The non-profit Aqsa school in Bridgeview said Hizb ut-Tahrir had deceptively portrayed the conference as a bazaar-type event where traditional food and clothing would be sold.
"They misrepresented themselves and the event. We don't want to be in the middle of something like that," the school's business manager Rana Jaber, told CBS News.
The conference's new venue doesn't seem to mind.
Hilton Oak Lawn General Manager Rick Harmon said Hizb ut-Tahrir used its own name when it reserved the room for the conference, but the hotel was not aware of the content of the event, which includes lectures entitled "Capitalism is Doomed to Fail," "The Global Rise of Islam," and the "Role of Muslims in America," until after the contract was signed.
Still, Harmon said the hotel is open to all kinds of meetings, that don't necessarily reflect its position or beliefs.
"We're United States citizens and an American business — if it's legal, we're able to host it, as long as it's nothing that disrupts our other guests' privacy and security," Harmon told FOXNews.com.
According to the Khilafah Conference 2009 Web site, the group aims to do neither.
"Hizb-ut-Tahrir is convinced that change must start in the minds of people, and therefore does not accept for people, or societies, to be forced to change by means of violence and terror," it reads.
The site, which includes a promotional YouTube video, says the group "does not work in the West to change the system of government, but works to project a positive image of Islam to Western society."
But former member Ishtiaq Hussain said Hizb ut-Tahrir is repackaging itself as a moderate organization as a tactic, while in reality it is "extremist."
"They don't recognize countries like Israel, for example; they don’t believe Israel should exist," Hussain, now a trainer for the Quilliam Foundation, told FOXNews.com. "Some of their leaders have denied the Holocaust, and they believe homosexuals should be thrown off the highest building. ... It's actually a very dangerous group."
Hizb ut-Tahrir itself has also published writings that seem to contradict its tenet of non-violence.
In his book, "How the Khilafah Was Destroyed," Sheikh Abdul Qadeem Zalloom, the former global leader of Hizb ut-Tahrir, says anyone who rules by a non-Islamic system should "either retract or be killed ... even if this led to several years of fighting and even if it led to the killing of millions of Muslims and to the martyrdom of millions of believers."

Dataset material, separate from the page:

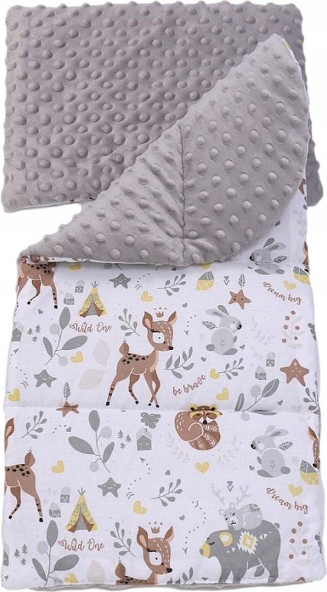 Naast de visuele kwaliteiten – een combinatie van minky en katoen (2 dekbedden in 1), is het ook een buitengewone extra functionaliteit in de vorm van de mogelijkheid om de minky kant te gebruiken op koudere dagen en de katoenen kant op warmere dagen.

Hizb ut-Tahrir's official ruling on the permissibility of hijacking planes says, "If the plane belongs to a country at war with Muslims, like Israel, it is allowed to hijack it, for there is no sanctity for Israel nor for the Jews in it."
And one of the organization's more recent leaflets, published in March, calls for the declaration of "a state of war against America."
But, despite these threats and calls to action, Hizb ut-Tahrir remains off the State Department's terror watch list, and it is free to host the Khilafah Conference and any other event like it.
"In other parts of the world where they're really very active, they've drawn tens of thousands of people to some of their events," Segal said.
"It'll be interesting to see to what degree they'll be welcomed here."